Poland’s ruling party lost the election, but will it leave?
17 Oct 2023|

The extraordinary victory of the democratic opposition in Poland’s election raises the spectre of a looming constitutional crisis. Like Donald Trump in the United States or Jair Bolsonaro in Brazil, the right-wing populist Law and Justice (PiS) party may refuse to concede.

This isn’t just doom-and-gloom speculation. After the polls closed and the result was clear, PiS leader Jaroslaw Kaczynski greeted his supporters on Sunday night by declaring, ‘We have won the parliamentary election! The third in a row!’ What followed was even more ominous: Poland, Kaczynski warned, faced ‘days of fighting, or tensions of various sort’.

A series of recent developments in Warsaw increases the risk of a seemingly unthinkable escalation in the coming days and weeks. Five days before the election, Poland’s armed forces chief of staff and his operational commander resigned for undisclosed reasons. Staunch PiS loyalists of questionable competence swiftly replaced both.

General Piotr Pytel, a respected former head of military counterintelligence, openly admits that senior military officers ‘reckon with the prospect of PiS launching a coercive scenario in the event of the lost or inconclusive election’. And sources close to PiS have reportedly discussed the idea of another election in case of a defeat, using a Polish football term that translates as both ‘overtime’ and ‘do-over’.

This has become a common gambit among today’s right-wing populists. In December 2020, Trump and his former national security adviser, retired General Michael Flynn, discussed plans to deploy the military to re-run the 2020 US presidential election. The year before, Turkish ruler Recep Tayyip Erdogan ordered a do-over of the mayoral contest in Istanbul when the opposition candidate, Ekrem Imamoglu, prevailed by a mere 15,000 votes over Erdogan’s ally. Incredibly, Imamoglu triumphed again, more decisively, as Istanbul’s angry citizens returned to the polls.

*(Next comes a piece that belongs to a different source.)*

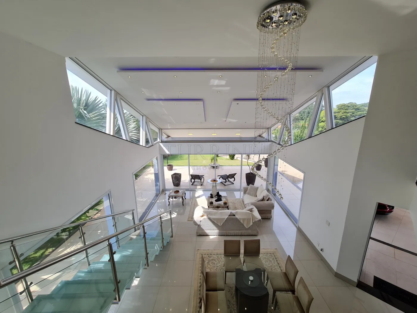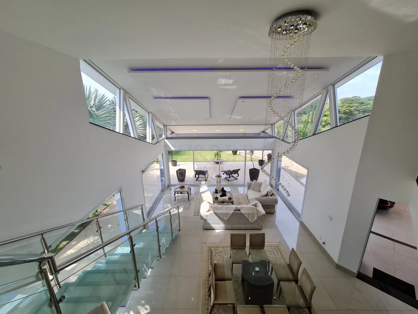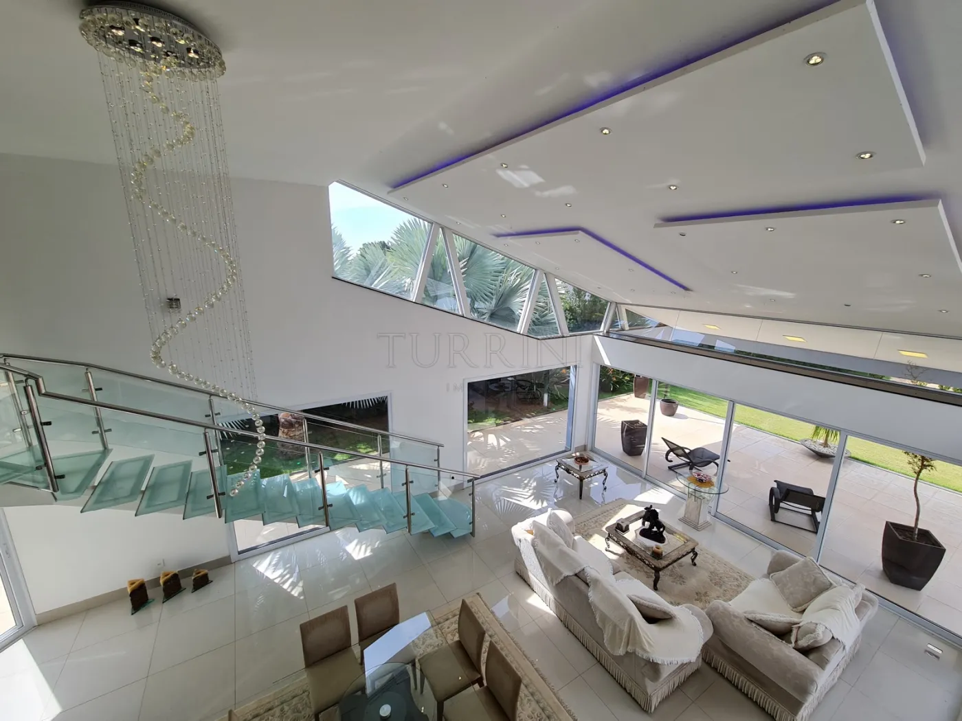 ESCADA DA SALA PARA O MEZANINO EM VIDRO E LED
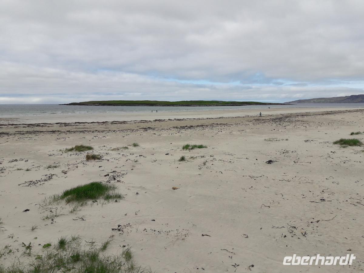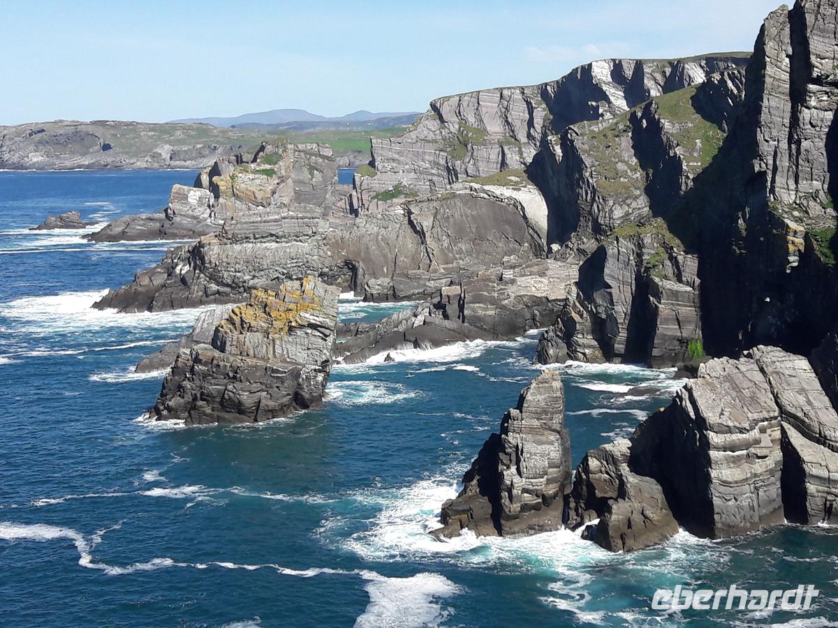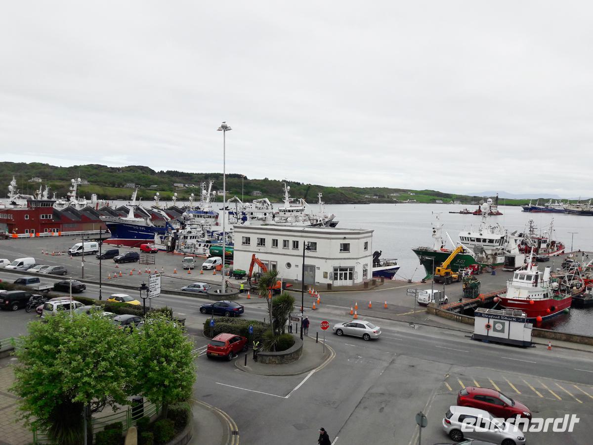 Zunächst erblicken wir auf unserer Reise auf die Rosguill Halbinsel Deo Castle, welches inklusive Hausgeist alle Klischees eines idyllisch gelegenen Schlosses in Irland erfüllt. Von dem Aussichtspunkt an der Spitze der Halbinsel können wir weit nach Westen bis zu den Tory Islands schauen. Weiter führt uns unser Weg zur Landzunge Bloody Foreland. Von hier bietet sich eine gute Sicht auf die Inseln auf Inishbeg, Inishdocy und Inishbofin. Der Name hat nichts mit irgendeinem blutigen Gemetzel zu tun, sondern rührt von der rötlichen Farbe der dortigen Klippen her. Wir befinden uns im Landstrich „The Rosses", einem Gaeltacht Gebiet, wo viele Menschen Gälisch noch im Alltag sprechen. Weit ziehen sich hier Torfabbaugebiete ins Land und wir halten an einem Torfstich, um das Heizmaterial genau unter die Lupe zu nehmen. Unserer Mittagspause legen wir im kleinen Hafenstädtchen Dungloe ein, das mit etlichen Restaurants und Pubs aufwertet. Irland verfügt neben steilen Küsten auch hin und wieder über große Sandstrände. Der Portnoo Beach bei Narin ist berühmt und lädt zu einem Strandspaziergang ein. Nach einem Stop in Ardara, wo uns im Zentrum der irischen Tweedproduktion dessen Herstellung an einem alten Webstuhl gezeigt wird und wir einen kurzen Gang durch das übersichtliche Städtchen unternehmen, erreichen wir Killibegs. Unser Hotel befindet sich direkt am Hafen. Hier liegt Irlands größte Fischereiflotte vor Anker. Da bietet es sich an, sich bei unserem Abendmenü für Fisch zu entscheiden. Wenn die Kutter ihren Fang anlanden, steht der Koch des Hotels schon am Kai. Frischer geht es kaum.

After eight years of ruthlessly concentrating power, PiS has numerous tools to trigger a similar scenario, and the singularly brutal campaign can also give PiS hope for a different outcome than in Istanbul. Kaczynski, Poland’s de facto ruler, may conclude that the opposition is exhausted after a grotesquely unequal race in which the government had almost unlimited resources at its disposal. If so, he has almost certainly miscalculated, but his misjudgement may turn out to have grave consequences for the country.

In particular, PiS’s control of subservient courts and the presidency could tempt it to try nullifying the voters’ will. The election can formally be declared invalid by a PiS-created special chamber of the Supreme Court, staffed entirely by PiS-appointed judges. In addition, the Polish constitution gives President Andrzej Duda a significant role in nominating the new prime minister and the cabinet.

Although the constitution clearly requires the president to appoint the premier favoured by a parliamentary majority, Duda has repeatedly disregarded constitutional mandates. Specifically, at the outset of his first term in 2015, Duda famously refused to receive the oath of three judges of the Constitutional Court duly elected by the parliament, thereby preventing them from taking their seats on the bench.

Duda may try to repeat this manoeuvre and illegally decline to appoint opposition leader Donald Tusk of Civic Platform as prime minister. He could then claim that the lack of a duly appointed prime minister forces him to call for a new election.

Any attempt to thwart the transfer of power will surely provoke intense social unrest. And with the armed forces now seemingly controlled by PiS loyalists, widespread protests may provide a convenient justification for declaring a national emergency. In this case, the Polish constitution mandates rescheduling an election—potentially as far as six months later. In the meantime, a caretaker government appointed by Duda would govern without any parliamentary oversight.

For the European Union, as well as NATO, such an anti-democratic turn in Warsaw is a nightmare scenario. The notion that they represent a community of values would be deeply discredited.

But that doesn’t need to happen. The shock of an EU member’s government openly refusing to cede power may, at last, force Western capitals to act. And NATO’s military leaders, who know the Polish officer corps well, can quietly remind their counterparts how dangerous a PiS nullification of the election would be for Poland’s security.

For the EU, everything should be on the table, including a long-overdue reassessment of whether harsh bilateral measures akin to the 2000 sanctions against Austria are always counterproductive. Another option, which legal scholars have started to discuss, would be for the EU Council simply to refuse to seat undemocratically appointed ministers. This would not be based on the unworkable suspension process prescribed in Article 7 of the Treaty on European Union, but on a political decision rooted in Article 10, which requires all council members to be ‘democratically accountable either to their national Parliaments, or citizens’.

The best scenario for Poland and the EU would be for PiS leaders to resist their worst instincts and proceed with the orderly transfer of power. By signalling that any attempt to undermine the will of the people will cross all European and NATO red lines, Poland’s Western partners can help Duda, Poland’s military leaders and other more level-headed officials avoid a tragic mistake.